The paper introduces POISE (Policy Optimization through Iterative Search and Evidence), an autonomous closed-loop framework where LLM agents discover, implement, and refine reinforcement learning (RL) algorithms for language models. Starting from a GRPO baseline, POISE evolved 64 candidate algorithms, ultimately discovering VM-AV-GRPO, which achieves a +4.6 Overall improvement and boosts AIME25 pass@32 from 26.7% to 43.3%.
TL;DR
Researchers from Fudan University have unveiled POISE (Policy Optimization through Iterative Search and Evidence), a framework that transforms LLMs from coding assistants into autonomous scientists. POISE doesn't just tune hyperparameters; it invents new RL mechanisms. By autonomously iterating through 64 generations, it discovered algorithms that significantly outperform the current state-of-the-art (SOTA) DeepSeek-style GRPO baseline, particularly in complex mathematical reasoning.
Background Positioning
In the current LLM landscape, Reinforcement Learning from Human Feedback (RLHF) and Group Relative Policy Optimization (GRPO) are the backbone of reasoning models. However, "researcher intuition" remains the bottleneck. POISE represents a shift toward Automated Research (AI for Science), specifically targeting the highly sensitive and stochastic domain of policy optimization.
Problem & Motivation: The "Black Box" of RL Research
Why is RL algorithm design so hard to automate? Unlike simple code search, RL components (loss functions, advantage estimators, KL penalties) are tightly coupled with training dynamics.
- Coupled Dynamics: A small change in normalization can lead to entropy collapse 2,000 steps later.
- Sparse Rewards: In hard math (e.g., AIME), most samples fail. Standard algorithms struggle to extract a signal from these "all-fail" groups.
- Evidence Decay: In manual research, the "why" behind a failed experiment is often lost. POISE solves this by treating every failure as Epistemic Evidence.
Methodology: The Epistemic Evolutionary Loop
POISE operates through a three-phase closed loop that mimics the scientific method.
1. Proposal Generation (Phase I)
Using a reflection-augmented evolutionary solver, it selects "parent" algorithms not just based on their score, but on their "descendant potential"—a Bayesian approach that favors lineages likely to yield future breakthroughs.
2. Implementation & Verification (Phase II)
The system generates executable Python code, ensuring it fits into a standardized training pipeline (based on VERL). Crucially, it includes a verification loop to check if the code actually reflects the intended mathematical logic.
3. Reflective Analysis (Phase III)
After training, an LLM agent analyzes the learning curves (entropy, reward, length) and generates a natural language "diagnosis." This reflection is stored in a genealogical archive, allowing future generations to learn from past mistakes.
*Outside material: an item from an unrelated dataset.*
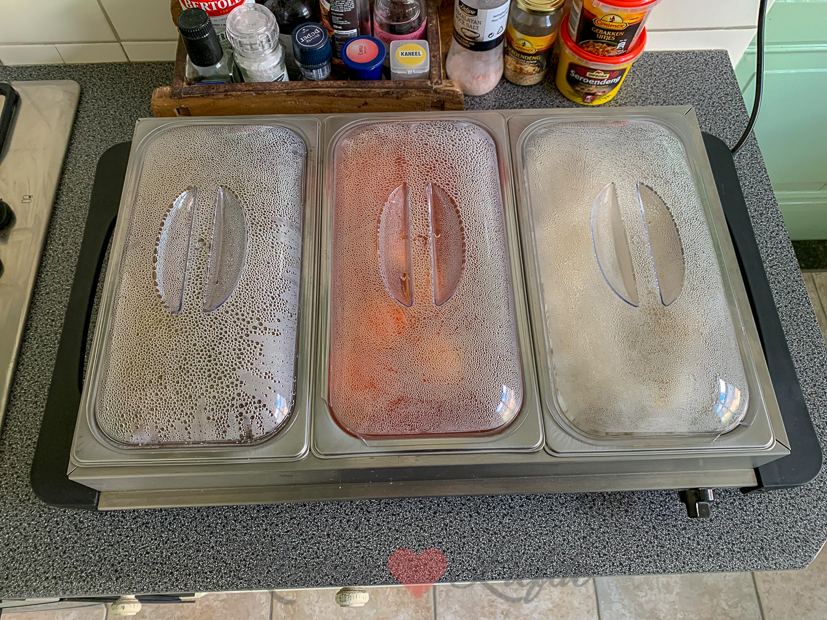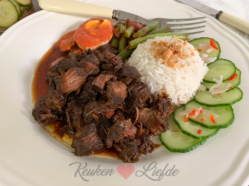 Als we ’s middags weer thuiskomen vul ik de rechaud-bakken met de eerder gemaakte Indische gerechten om rustig op te warmen. ’s Avonds eten we zelfgemaakte Indische rijsttafel met onder andere daging smoor, ajam paniki (boemboe uit een pakje), toemis boontjes, sambal goreng telor, acar ketimun en rijst. Was heerlijk!

Core Breakthroughs: Identifying New Mechanisms
POISE discovered several unique mechanisms that human researchers had overlooked:
- Analytic-Variance Scaling (AV-GRPO): Instead of using noisy batch statistics, it uses the theoretical reward distribution variance. This allows the model to amplify the "rare signals" of a correct answer in a sea of failures.
- Validity Masking (VM-AV-GRPO): It identifies that "format-correct but reasoning-wrong" samples often contaminate the learning signal. By masking these, it creates a strict gradient hierarchy: Invalid << Valid-Wrong < Valid-Correct.
Experimental Results
The results on mathematical reasoning benchmarks are striking. The discovered VM-AV-GRPO variant didn't just marginally improve performance; it decimated the baseline on the hardest tasks.

On AIME25, the pass@32 jumped from 26.7% to 43.3%. Process-level analysis (Figure 2) shows that these evolved variants maintain much healthier entropy levels and more stable reward trajectories compared to the standard GRPO.

The "AI Scientist" in Action: Targeted Steering
Perhaps the most impressive feat was steering. By providing a natural language directive: "Find an algorithm that is both accurate and concise," POISE discovered DACE-GRPO.
- Performance: +3.9 Overall gain.
- Efficiency: -29.1% reduction in response length. It achieved this by inventing "Correctness-first efficiency shaping"—only penalizing length for correct answers, preventing the model from becoming "short and stupid."
Critical Analysis & Conclusion
Takeaway
POISE proves that the "design patterns" of RL—signal decoupling, conditional normalization, and regime-aware scaling—can be discovered autonomously. It marks a transition where the scientist’s role is to define the objective space, while the AI explores the mechanism space.
Limitations
- Compute Cost: 64 training runs (each on 8x A100 GPUs) is out of reach for most researchers.
- Breadth: Currently limited to mathematical reasoning; its "creativity" in open-ended dialogue remains untested.
Future Outlook
POISE serves as a blueprint for the future of AI labs. As compute costs decrease, we can expect "Evolutionary RL" to become the standard for optimizing long-context reasoning models, potentially discovering mathematical loss functions that surpass current human understanding.